En Suisse, l’obligation de contracter impose aux assureurs-maladie de conclure un contrat avec tout fournisseur de prestations autorisé et de rembourser ses services.
À la surprise générale, lors de la session de printemps, le Parlement a transmis au Conseil fédéral la
motion Hegglin (23.4088), intitulée «LAMal. Assouplissement de l’obligation de contracter». Considérée comme une «opportunité (...) contre l’explosion du volume des prestations et des coûts» dans le domaine de la santé, cette motion charge le gouvernement d’adapter la loi fédérale sur l’assurance-maladie (LAMal) afin d’assouplir cette obligation, tant dans le domaine ambulatoire qu’hospitalier.
Les auteurs
Matthias Maurer est professeur et directeur adjoint de l'Institut d'économie appliquée à la santé (WIG) de Winterthur à la Haute école zurichoise de sciences appliquées (ZHAW).
Marco Varkevisser est professeur et directeur du groupe de recherche Health Systems and Insurance (HSI) à l'Erasmus School of Health Policy & Management (ESHPM) à Rotterdam.
En raison de la forte opposition des partis de gauche, des prestataires de soins, ainsi que du Conseil fédéral et des cantons, il est peu probable que l’abandon de l’obligation de contracter devienne rapidement une réalité.
Un autre enjeu majeur se profile néanmoins. L’expérience néerlandaise montre que le Conseil fédéral devra impérativement tenir compte d’un aspect crucial dans l’éventuelle réforme: la question de la rémunération des prestations fournies par des prestataires non conventionnés.
L'exemple des Pays-Bas
Aux Pays-Bas, la législation sur l’assurance maladie prévoit que les assurés traités par des prestataires non conventionnés ont droit à un remboursement, dont le montant est déterminé par l’assureur. Le législateur précise que ce montant ne doit pas représenter un «obstacle» à l’accès aux soins dispensés par ces prestataires.
Même si ce «critère d’obstacle» n’est pas inscrit dans la loi elle-même, la Cour suprême néerlandaise a statué en 2014 qu’il faisait partie intégrante du droit applicable.

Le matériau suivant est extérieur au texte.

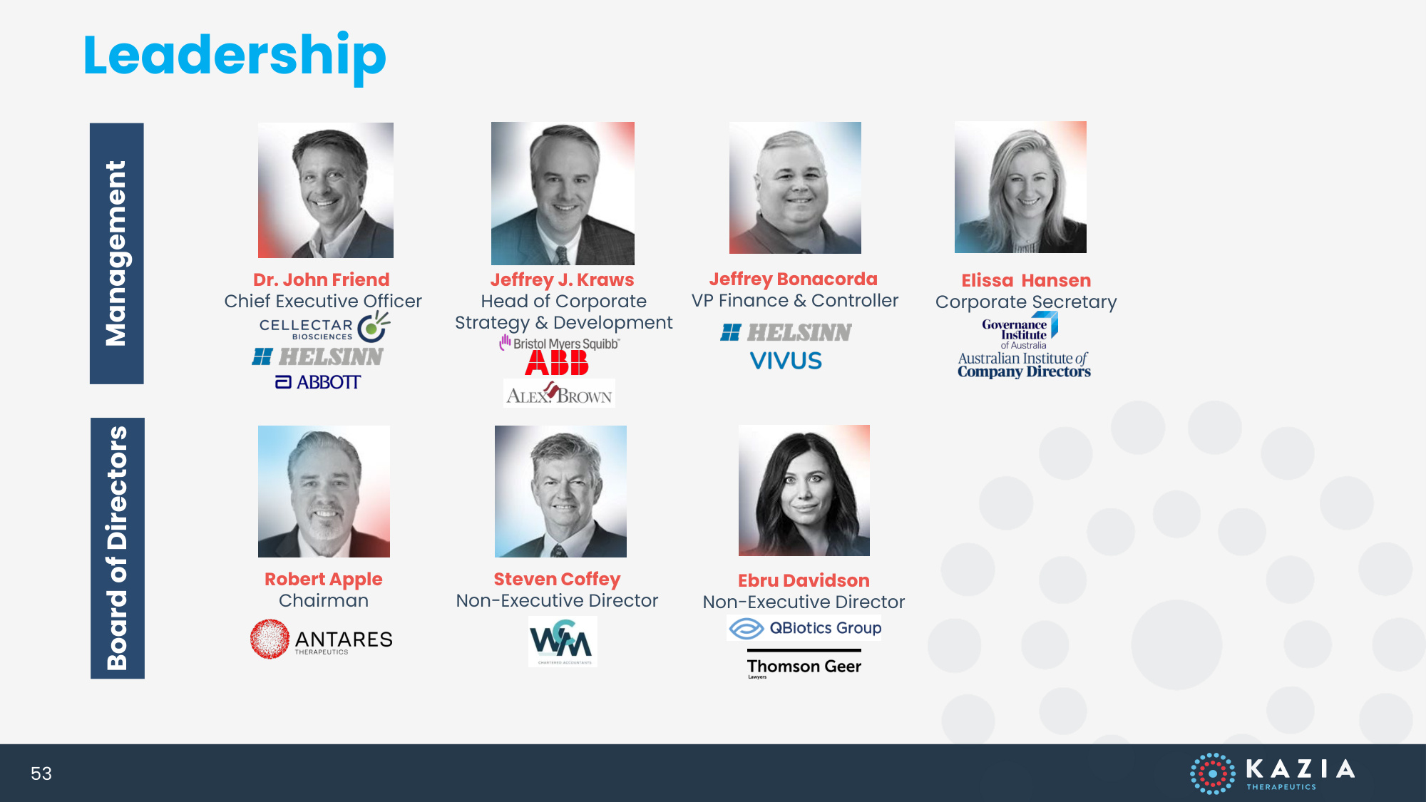 Leadership 53 Management Dr. John Friend Chief Executive Officer Jeffrey J. Kraws Head of Corporate Strategy & Development Jeffrey Bonacorda VP Finance & Controller Robert Apple Chairman Steven Coffey Non-Executive Director Ebru Davidson Non-Executive Director Board of Directors Elissa Hansen Corporate Secretary

Depuis cette décision, les tribunaux imposent un remboursement élevé – souvent jusqu’à 75% – afin de garantir aux patients une liberté de choix, quel que soit leur revenu.
Conséquence : malgré la possibilité de conclure des contrats de manière sélective, les assureurs néerlandais doivent continuer à rembourser largement les soins non conventionnés. Cela affaiblit considérablement leur pouvoir de négociation, les empêchant de conclure des contrats réellement efficaces, de lutter contre la fraude et de maîtriser les coûts.
«La révision de la LAMal devrait donc impérativement prévoir une rémunération nettement inférieure pour les prestations fournies par des prestataires non conventionnés.»
La menace d’une absence de contrat n’est donc pas crédible aux Pays-Bas – ce qui affaiblit l’efficacité du système. En théorie, les contrats sélectifs sont possibles. En pratique, ils restent rares, en raison de la faiblesse du cadre législatif.
La Suisse peut et doit tirer des enseignements de cette expérience. Assouplir l’obligation de contracter et permettre les contrats sélectifs ne suffira pas à freiner la hausse des volumes et des coûts dans le système de santé.
La révision de la LAMal devrait donc impérativement prévoir une rémunération nettement inférieure pour les prestations fournies par des prestataires non conventionnés. L’un ne peut aller sans l’autre.
Conclusion
Les prestataires non liés par contrat ne devraient pas bénéficier d’un droit légal à une rémunération. Le Conseil fédéral serait bien avisé d’intégrer cette disposition dans la réforme en préparation. Les assureurs-maladie doivent pouvoir définir librement le montant de la rémunération applicable dans leurs produits d’assurance.
Cela porterait-il atteinte à la liberté de choix du médecin? Absolument pas. Les patients pourront continuer à choisir librement leur prestataire. Mais ils ne pourront plus, comme aujourd’hui, faire supporter à la collectivité le coût de prestations inappropriées ou peu rentables.